The fifth annual Feedback from the Field report found that those in middle management roles in transport and logistics spend, on average, an estimated 5.52 hours every week picking up low-value or unnecessary tasks. 

“It’s a trend we see too often across the frontline: managers become buried in admin or manual work that could be automated, instead of having the time and headspace to drive efficiency on the road and in the warehouse,” says Sam Byrnes, industry lead at SafetyCulture. “Managers have a unique vantage point – they know the strategic plans of senior leadership and the realities on the frontline. This makes them a hugely valuable source of business insight, but one that's often overlooked.”

Key takeaways:

 

·        Attending unnecessary meetings, managing rosters and filling out paperwork are the Top 3 tasks managers say take up most of their time and distract them from more important duties.

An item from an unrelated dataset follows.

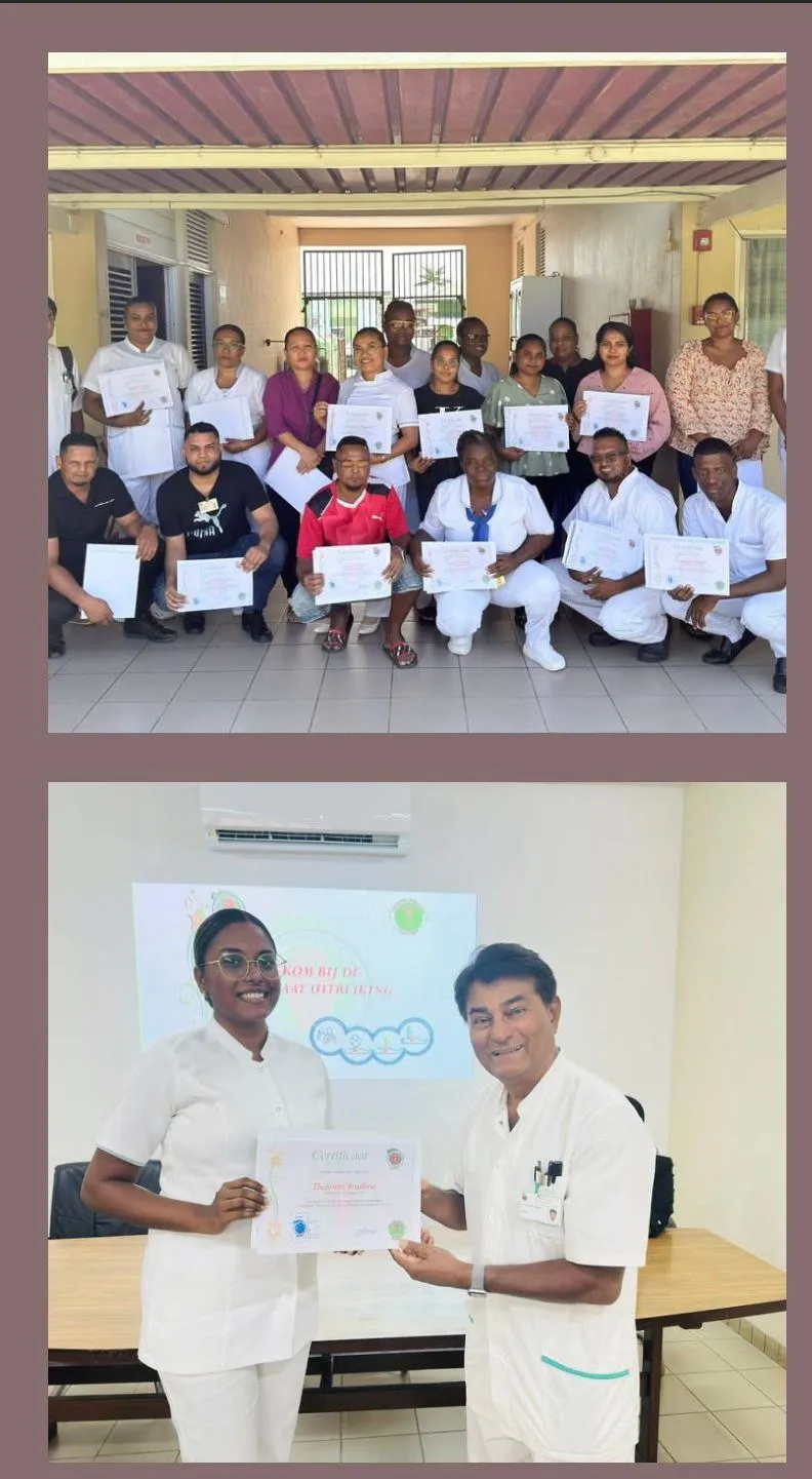 Dankzij deze donatie kon het zorgteam een realistische en waardevolle reanimatietraining volgen, verzorgd door broeder Shami Mahabier. De training werd succesvol afgerond met een officiële certificaatuitreiking.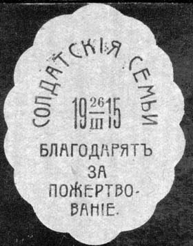 1915 г. 26.03.1915 г. Виньетка овальной формы разм. ≈ 44 х 58 мм с волнистыми краями. Одноцветная печать на бу-маге различных цветов с лаковым покрытием на лицевой стороне. В центре дата: «26/III 1915». Сверху полукругом текст: «Солдатские семьи». Внизу продолжение текста в четыре строки: «Благода…

·        Transport and logistics were found to be the most impacted by inefficiency of the five frontline sectors studied, compared to 5.46 hours a week of wasted managers’ time in manufacturing, 5.01 hours in construction, 4.97 hours in retail, and 4.58 hours in hospitality.

·        Almost all managers (98%) have ideas that could improve their organization, but just over half (59%) have actually had these ideas implemented. The leading reasons for ideas being rejected are that “senior leadership aren’t receptive to ideas from managers” (40%) and competing priorities (40%).

·        Instead, transport managers say top-down improvement programs in their organization “create additional workload without clear benefits” and are “driven by people who don’t understand how the work is done.”

·        Where managers’ ideas are taken forward, they report positive impacts such as improved workflow (51%), more efficient operations (50%) and better quality outputs (50%).